Baseten: Mission-Critical LLM Inference Platform Architecture

Overview

This case study is derived from a podcast conversation featuring Amir (co-founder of Baseten) and Ying (lead software engineer on the model performance team at Baseten), discussing their approach to production LLM inference. Baseten positions itself as a dedicated inference platform for mission-critical workloads, distinguishing itself from shared inference endpoints offered by competitors. The conversation provides deep insights into what it takes to run LLMs in production at scale, with particular focus on serving the massive DeepSeek V3 model and their adoption of SGLang as a serving framework.

The DeepSeek V3 Challenge

DeepSeek V3 represents one of the most challenging models to serve in production. At 671 billion parameters using a Mixture of Experts (MoE) architecture, it pushes the boundaries of what’s possible with current hardware. The model was released with FP8 quantization, which was a first for models of this scale—typically models are released in BF16 format.

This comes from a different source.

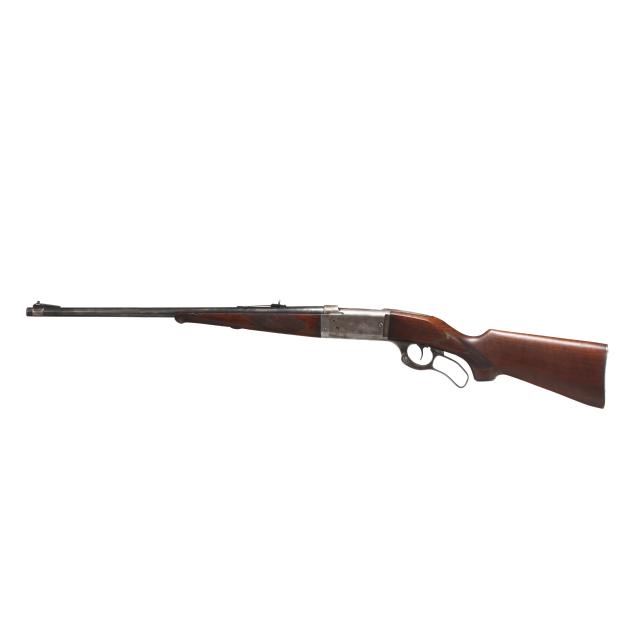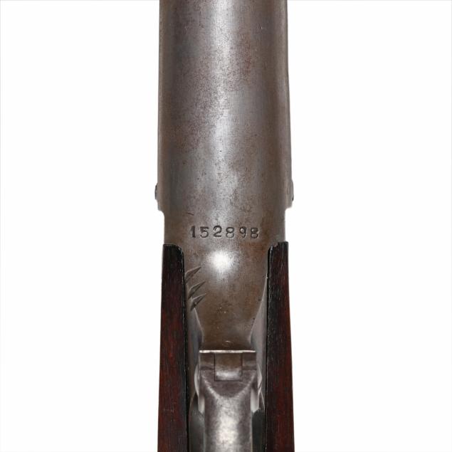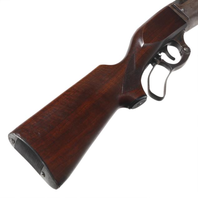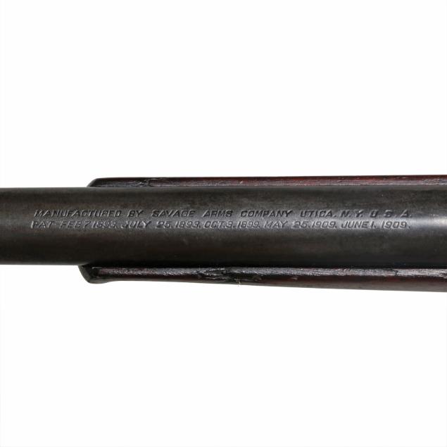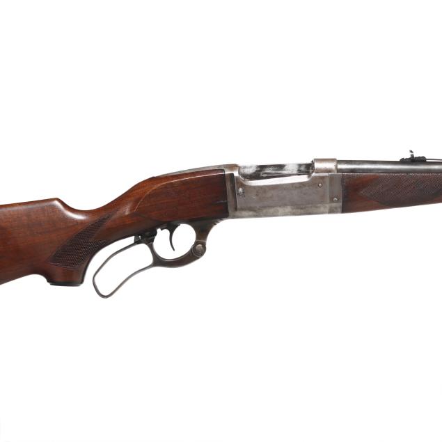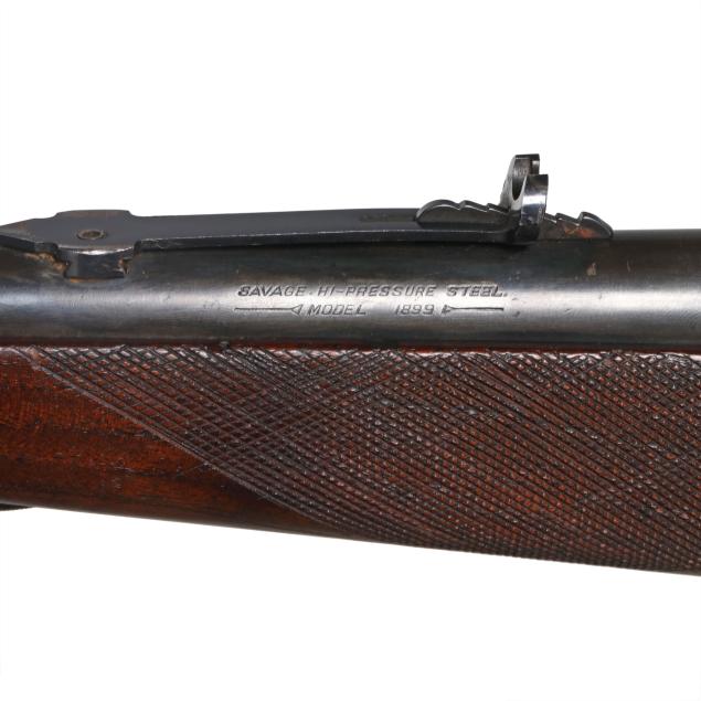 Serial number 152898 present on underside of lever-action receiver, text of SAVAGE HI-PRESSURE STEEL .30-30 present on 22 in. blued steel barrel, dovertail rear sight with elevator, dovetail front sight on a ramped base with barrel band, takedown variant receiver, brass round count indicator, cocking indicator, checkered walnut buttstock and forend, capped pistol grip, lined steel buttplate.

The hardware requirements are substantial. Even with FP8 precision, the model requires approximately 671GB just for weights, plus additional memory for KV cache. This makes it impossible to run on standard H100 nodes (which have 640GB across 8 cards). Baseten opted for H200 GPUs or multi-node H100 configurations to serve this model. The sheer size creates operational challenges beyond just memory—loading times are extremely long, making debugging and performance benchmarking time-consuming affairs (though “not complicated, just slow” as one engineer noted).

A key technical challenge was supporting the blockwise FP8 kernel that DeepSeek V3 uses. At the time of deployment, even TensorRT-LLM didn’t support this, requiring custom kernel implementation using Triton or other tools. This FP8 training approach pioneered by DeepSeek (building on earlier work by Llama/01.ai) is seen as a game-changer that will likely become more common in future model releases.

SGLang as the Serving Framework

Baseten has invested significantly in SGLang as a serving framework, particularly for models like DeepSeek V3. The framework originated in 2023 as a frontend language for LLM programming but evolved into a full inference engine by mid-2024. The appeal of SGLang comes from its combination of performance (competitive with or better than vLLM) and developer-friendly architecture that makes customization and feature development easier than TensorRT-LLM.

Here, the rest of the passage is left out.